> **Task brief**: Below is a listing; restate from it, character for character, the lines beginning at the line holding "今年も大人気のセーラーワンピ入荷しました♡ ボルドーだと可愛すぎる という方にオススメなのが緑です^^" and ending at the line holding "ALOHA ! Hawaiian", both included.

Source data below:

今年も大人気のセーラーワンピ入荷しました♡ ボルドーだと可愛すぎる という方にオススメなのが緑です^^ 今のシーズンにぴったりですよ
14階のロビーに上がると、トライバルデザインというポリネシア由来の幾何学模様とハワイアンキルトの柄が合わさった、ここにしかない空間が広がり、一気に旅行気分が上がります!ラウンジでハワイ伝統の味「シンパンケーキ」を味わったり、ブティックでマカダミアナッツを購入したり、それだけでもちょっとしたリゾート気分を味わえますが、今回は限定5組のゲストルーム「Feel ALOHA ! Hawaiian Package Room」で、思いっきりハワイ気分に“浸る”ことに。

End of Source data.
Source data below:

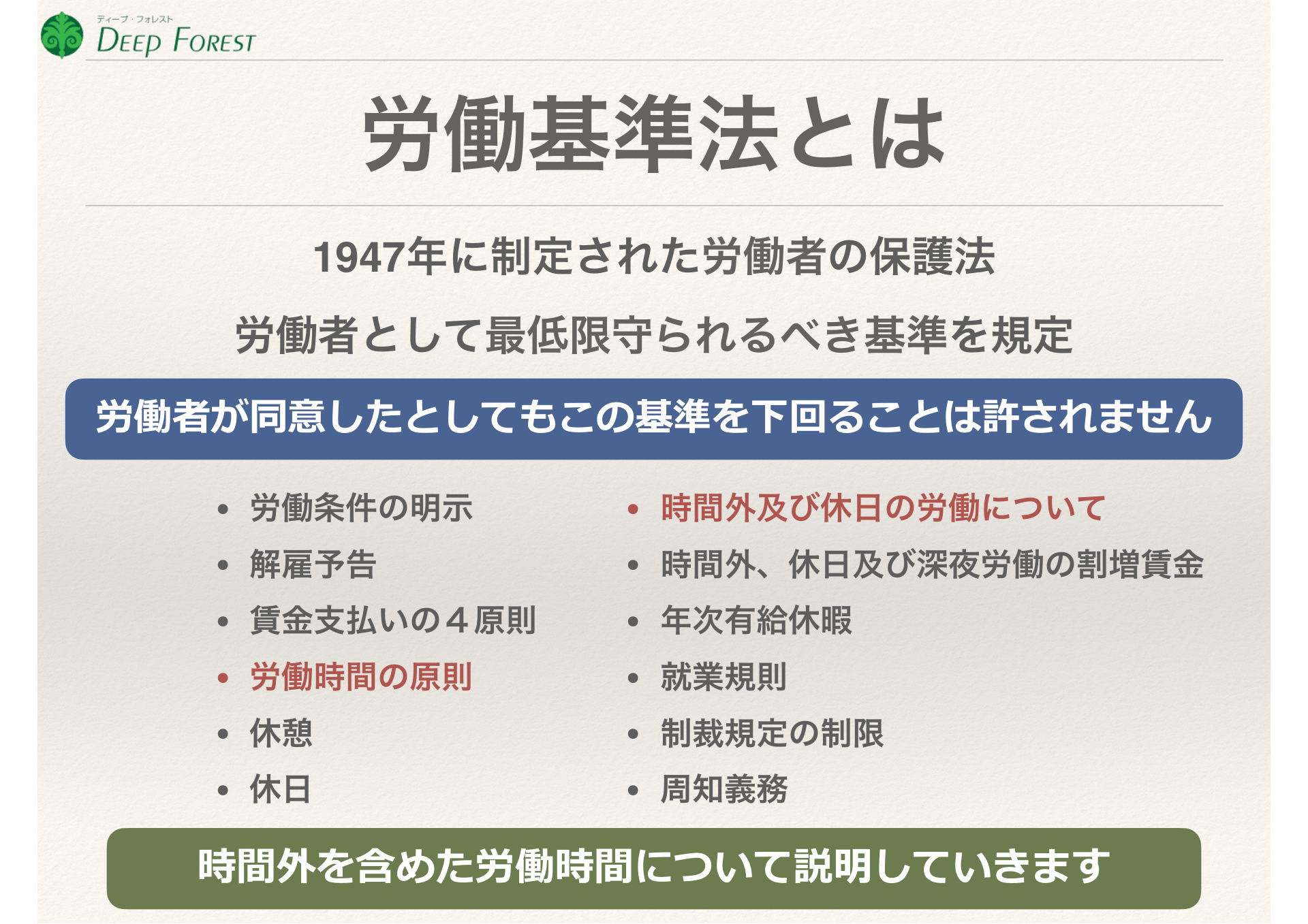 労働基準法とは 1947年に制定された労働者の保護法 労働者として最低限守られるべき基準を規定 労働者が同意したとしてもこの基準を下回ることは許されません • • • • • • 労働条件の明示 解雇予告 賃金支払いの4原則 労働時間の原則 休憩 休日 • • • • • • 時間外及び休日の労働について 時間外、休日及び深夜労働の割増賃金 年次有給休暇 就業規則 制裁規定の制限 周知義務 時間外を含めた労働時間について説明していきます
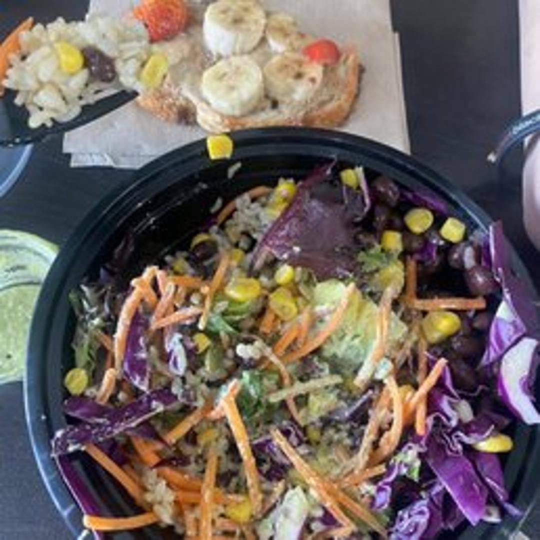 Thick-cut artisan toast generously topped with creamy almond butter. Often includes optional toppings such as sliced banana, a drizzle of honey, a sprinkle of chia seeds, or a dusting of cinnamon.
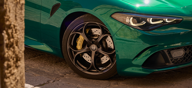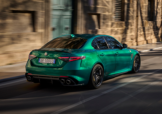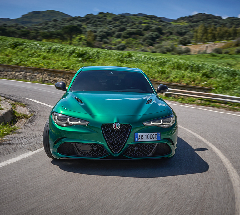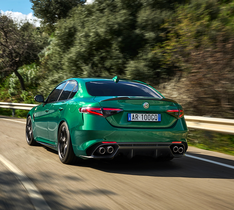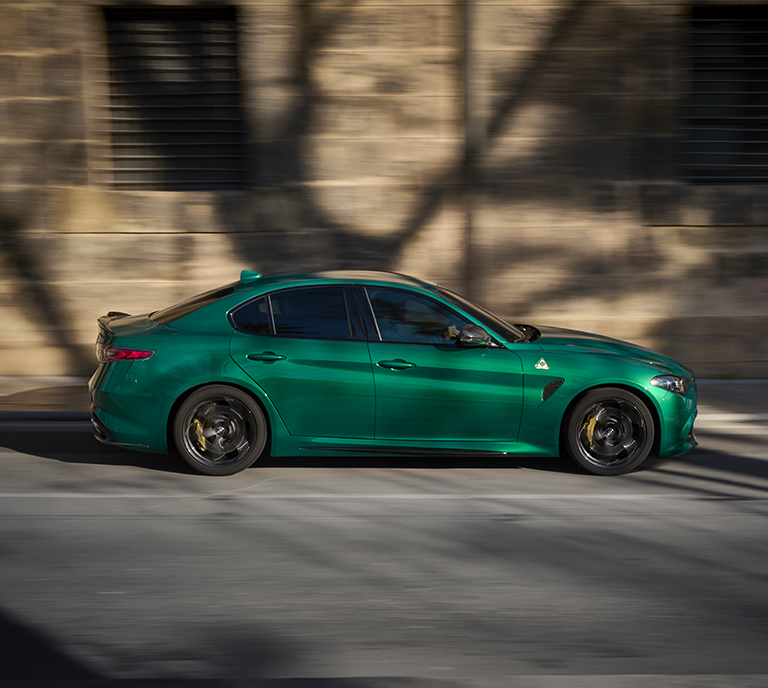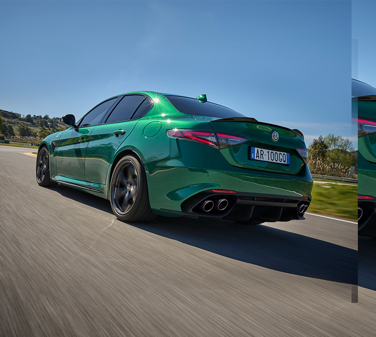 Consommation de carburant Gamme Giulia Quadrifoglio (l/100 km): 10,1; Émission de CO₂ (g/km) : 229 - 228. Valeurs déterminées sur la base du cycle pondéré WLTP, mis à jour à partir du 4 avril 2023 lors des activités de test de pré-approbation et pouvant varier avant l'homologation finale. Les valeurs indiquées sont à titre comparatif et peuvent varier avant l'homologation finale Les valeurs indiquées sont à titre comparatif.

End of Source data.
Source data below:

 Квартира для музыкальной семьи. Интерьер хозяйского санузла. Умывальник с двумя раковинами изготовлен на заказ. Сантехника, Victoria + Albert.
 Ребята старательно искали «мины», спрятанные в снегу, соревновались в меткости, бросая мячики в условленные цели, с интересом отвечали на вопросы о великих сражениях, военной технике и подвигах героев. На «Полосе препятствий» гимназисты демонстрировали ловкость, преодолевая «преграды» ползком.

End of Source data.

> **Result**:
今年も大人気のセーラーワンピ入荷しました♡ ボルドーだと可愛すぎる という方にオススメなのが緑です^^ 今のシーズンにぴったりですよ
14階のロビーに上がると、トライバルデザインというポリネシア由来の幾何学模様とハワイアンキルトの柄が合わさった、ここにしかない空間が広がり、一気に旅行気分が上がります!ラウンジでハワイ伝統の味「シンパンケーキ」を味わったり、ブティックでマカダミアナッツを購入したり、それだけでもちょっとしたリゾート気分を味わえますが、今回は限定5組のゲストルーム「Feel ALOHA ! Hawaiian Package Room」で、思いっきりハワイ気分に“浸る”ことに。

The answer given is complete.